2-: From Better Part of Valour, a short story by William Anthony, published in the Daily Herald (London, England) of Monday 29th June 1936:

He rang the bell, and James, his faithful valet for ten years, appeared.
“James,” he said, “you have done some odd things for me in your time, but this one will require every ounce of tact that you possess.”
“James, to-morrow I have arranged to meet a lady whom I do not know and have never seen in my life at the Ritz-Carlton.”
“I am afraid that I don’t understand, sir.”
“I will explain, James. This afternoon, while attempting to phone Paris, I became involved with a very charming voice, and so carried away was I that I went so far as to suggest making a rendezvous with the woman.
“Very foolishly, too, as I now realise, for she may look like the back of a bus.”

3-: From The Ashland Gazette (Ashland, Nebraska, USA) of Wednesday 6th January 1943:

Eddie Cantor * says that matrimony Is a 50-50 proposition alright. The husband gets 50c and the wife 50 bucks. Eddie knows slacks are the fashion for women but he continues to wonder why they wait until they look like the back end of a Greyhound bus before they start wearing ’em. A few more cracks like that and Eddie will find the front rows will be full of hard boiled femmes and what they will be throwing across the footlights won’t be flowers.

* Eddie Cantor (Isidore Itzkowitz – 1892-1964) was a U.S. entertainer.

4-: From the column In Hollywood, by the U.S. gossip columnist Erskine Johnson (1910-1984), published, for example, in the Miami Daily News-Record (Miami, Oklahoma, USA) of Monday 12th December 1949:

Film writer Ken Englund’s recent complaints here about movie cliches sent Parke Levy running to his typewriter. Parke is a radio writer—for the past three years head writer of the “My Friend Irma” show.
And, as everyone knows, radio is full of cliches, too.
But Parke isn’t.
He writes:
“[…] [A] prime offender is what I call the adjective gag. A radio writer never describes a woman as just being stout. He resorts to a formula which invariably begins: ‘She is so stout that…’ (and the rest you fill in.) Such as:
“When she wears red earrings she looks like the back of a bus with the brakes on.”
Or, “—she has six chins—the last two are her stomach.”

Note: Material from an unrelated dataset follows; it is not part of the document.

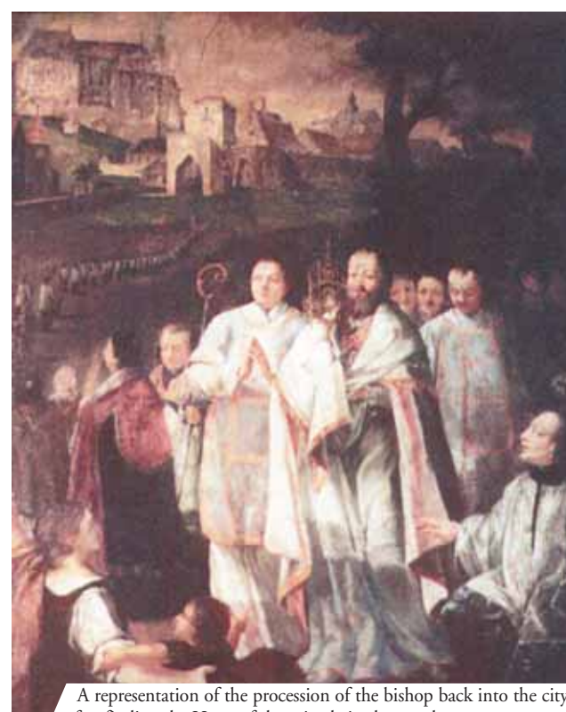
A representation of the procession of the bishop back into the city after finding the Hosts of the miracle in the marsh

spot where the treasure had been abandoned. Bright flashes of light were visible for several kilometers. Frightened villagers approached the area and reported back to the Bishop of Krakow. The bishop called for three days of fasting and prayer. On the third day, he led a procession out to the marsh. There, they found the monstrance, and within it they found the Hosts, which were unbroken and were the source of the unusual lights. The people began to pray and to celebrate the miracle. Annually on the occasion of the feast of Corpus Christi, the miracle is celebrated in the church of Corpus Christi in Krakow.

5-: From The Essex Newsman-Herald (Chelmsford, Essex, England) of Friday 16th December 1949:

Career girls are making news. Take a look at these questions and answers in which (1) a married man and (2) a young woman endeavour to decide
When a woman says, “I want to be a career girl, and don’t want to marry,” does she honestly mean it?
A. Of course not. Any girl with a career who is offered the choice of that or marriage will choose marriage. She becomes a career girl in the first place to earn enough money to make herself attractive to men.
If she genuinely prefers her career to the man, then the answer is that he is not the right one. When HE turns up, nothing will stop her.
P.S.: If she never gets married, she either has rotten luck or looks like the back of a bus.

6-: From the Fort Worth Star-Telegram (Fort Worth, Texas, USA) of Wednesday 4th October 1950:

Like the Back of a Bus—Oh!
English Girl on Cycle Says It’s Just Untrue

English girls don’t necessarily look like the backs of buses, a blond, curvaceous English girl traveling about the country on a motorcycle opined here Tuesday.
To back up her assertion, 24-year-old Toni Henly of Cheltenham, Gloucestershire, put herself forward as Exhibit A.
Toni had heard, she confided, that most Americans pictured a typical British pinup girl “as a horsy thing, wearing flat shoes and plain clothes and no makeup, looking something like the back of a bus.”